= Azidotetrazolate =

Azidotetrazolate (CN_{7}^{−}) is an anion which forms a highly explosive series of salts. The ion is made by removing a proton from 5-azido-1H-tetrazole. The molecular structure contains a five-membered ring with four nitrogen atoms, and an azido side chain connected to the carbon atom. Several salts exist, but they are unstable and spontaneously explode. For example, the rubidium, potassium and caesium salts are so unstable that they explode while crystallizing.

Azidotetrazolates are under investigation for use as bullet propellant, rocket propellants and high explosives. The nitrogen base compounds have the advantage of being "green explosives", meaning that their waste products are safe.

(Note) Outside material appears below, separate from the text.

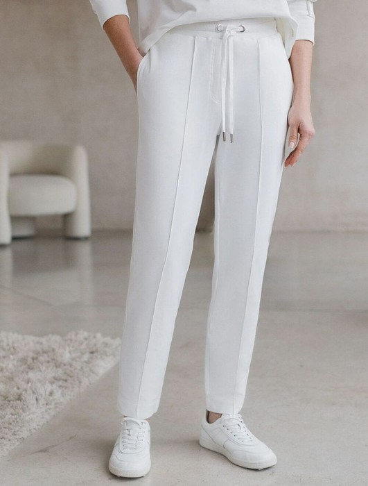 Брюки белого цвета зауженного кроя выполнены из премиального футера-двухнитки. Лаконичный силуэт поддерживают застроченные стрелки, зрительно вытягивающие силуэт. Удобный пояс на резинке регулируется хлопковым шнурком с золотистой фурнитурой. Наличие эластана в составе изделия гарантирует комфорт и долговечность изделия. Эластичный материал хорошо пропускает воздух, позволяя телу дышать, и легко тянется, не ограничивая движения.

Amongst the tetrazolates, they have the highest nitrogen fraction.

==Properties==
Different stimuli can set off explosions. Possibilities include impact, friction, sparks or heat. Guanidinium azidotetrazolate could be melted to an ionic liquid at 100°C, but would decompose smoothly at 159°. Sodium azidotetrazolate explodes when the temperature reaches 155°C.

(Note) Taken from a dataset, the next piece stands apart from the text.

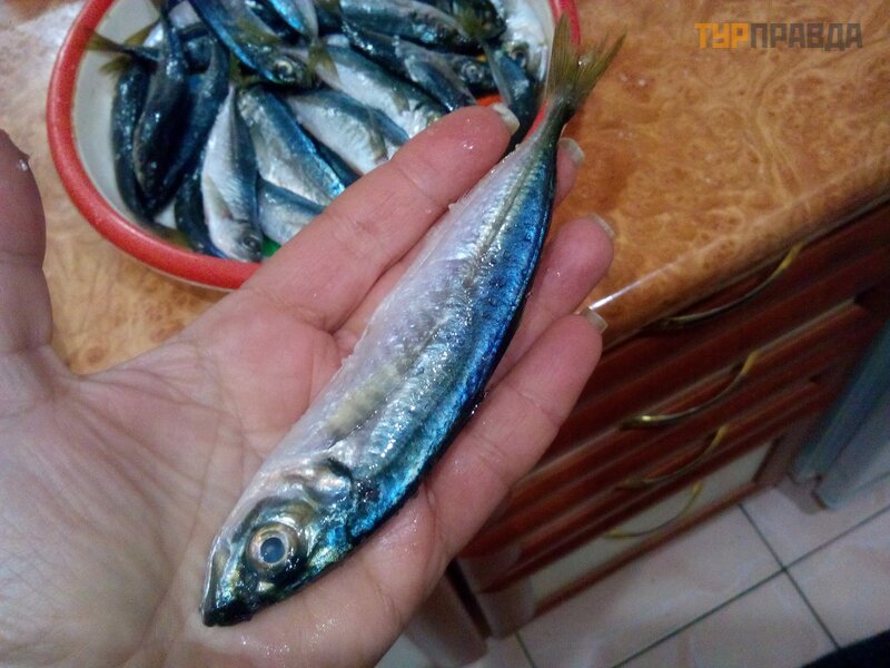 We were in Yalta at half past seven local time, found the key under the mat, threw our bags and ran to the market. We were lucky and he still worked. Prices, as it was last year, no longer shocked us. Firstly, the exchange rate of the ruble fell from 5 to 3.6, and secondly, our prices have considerably caught up with the Crimean ones. We found horse mackerel for 90 rubles (last year it cost 100-150) and fish giblets (caviar and liver) for 200 rubles. And there is no mullet! Here's a bummer! The sellers said that her season starts in April! And I can say I came for her! Okay, let's get by with the horse mackerel!

The CNNNN ring in azidotetrazolate is planar and aromatic. The NNN side chain is attached to the carbon atom, and bent at the first nitrogen so that it is roughly parallel to the ring.

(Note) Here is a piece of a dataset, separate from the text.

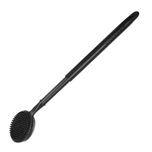Wiseten Kroppsskrubbare i silikon, kroppsborste med 40 – 60 cm långt infällbart handtag, dubbelsidig duschborste för dusch exfoliering och massage kan producera rikt skum för män kvinnor

The base acids, 5-azido-1H-tetrazole and 5-azido-2H-tetrazole both can exist. The 1H version has a hydrogen atom bonded to a nitrogen atom next to the carbon. It is the stable form in solids and solutions in polar liquids. This is explained by a favourable hydrogen bond, and a greater dipole moment. The 2H version with hydrogen attached in the second nitrogen from the carbon is purportedly more stable in the gas phase.

==Formation==
The azidotetrazolate ion can be made from cyanogen bromide and sodium azide in water:

BrCN + 2NaN_{3} → N_{4}CN_{3}^{−} + Na^{+} + NaBr

==Salts==

formula: name; molecular weight; density; structure; unit cell dimension Å; cell volume; formula per cell; Specific impulse; melt °C; decompose °C; CAS
NH_{4}CN_{7}: Ammonium azidotetrazolate; 128.12; 1.608; monoclinic; a=3.9103 b=6.9140 c=9.9127 β=99.177°; 264.57; 2; 248; 157; 35038-47-2
N_{2}H_{5}CN_{7}: Hydrazinium azidotetrazolate; 143.14; 1.568; monoclinic; a=10.8114 b=7.4641 c=7.6676 β=101.437°; 606.47; 4; 265; 136
CN_{3}H_{6}CN_{7}: Guanidinium azidotetrazolate semihydrate; 358.35; 1.546; monoclinic; a=9.5374 b=15.3120 c=10.5731 β=94.361; 1539.6; 4; 100; 159
CN_{4}H_{7}CN_{7}: Aminoguanidinium azidotetrazolate; 185.19; 1.524; triclinic; a=9.7652 b=9.7803 c=10.0434 α=71.327° β=74.399° γ=63.962°; 807.2; 4; 228
NH_{3}OHCN_{7}: Hydroxylammonium azidotetrazolate; 144.12; 1.649; monoclinic; a=3.677 b=20.885 c=7.641 β=98.367; 580.5; 4
LiCN_{7}•H_{2}O: Lithium azidotetrazolate monohydrate; 135.03; 1.683; monoclinic; a=8.9207 b=4.6663 c=12.8648 β=95.608; 532.96; 4
NaCN_{7}•H_{2}O: Sodium azidotetrazolate monohydrate; 151.09; 1.743; monoclinic; a=11.203 b=7.138 c=14.409 β=91.630°; 1151.8; 8; explode; 155; 35038-45-0
KCN_{7}: Potassium azidotetrazolate; 149.18; 1.917; monoclinic; a=9.7759 b=6.2990 c=8.4533 β=96.720°; 516.96; 4
RbCN_{7}: Rubidium azidotetrazolate; 195.12; Unknown; all attempts at isolation terminated by detonation of solution.; <25
CsCN_{7}: Caesium azidotetrazolate; 242.99; 2.810; orthorhombic; a=4.3082 b=7.1345 c=18.6869; 574.38; 4
3Ca(CN_{7})_{2}•16H_{2}O: Calcium azidotetrazolate; 1068.98; 1.657; monoclinic; a=24.448 b=6.616 c=28.057 β=109.246°; 4285; 4
AgCN_{7}: Silver azidotetrazolate
HCN_{7}: 5-Azido-1H-tetrazole; 111.07; 1.72; 75; 165; 35038-46-1

==Related==
Chemicals related to the azidotetrazolate anion include 1-diazidocarbamoyl-5-azidotetrazole with the same percentage of nitrogen.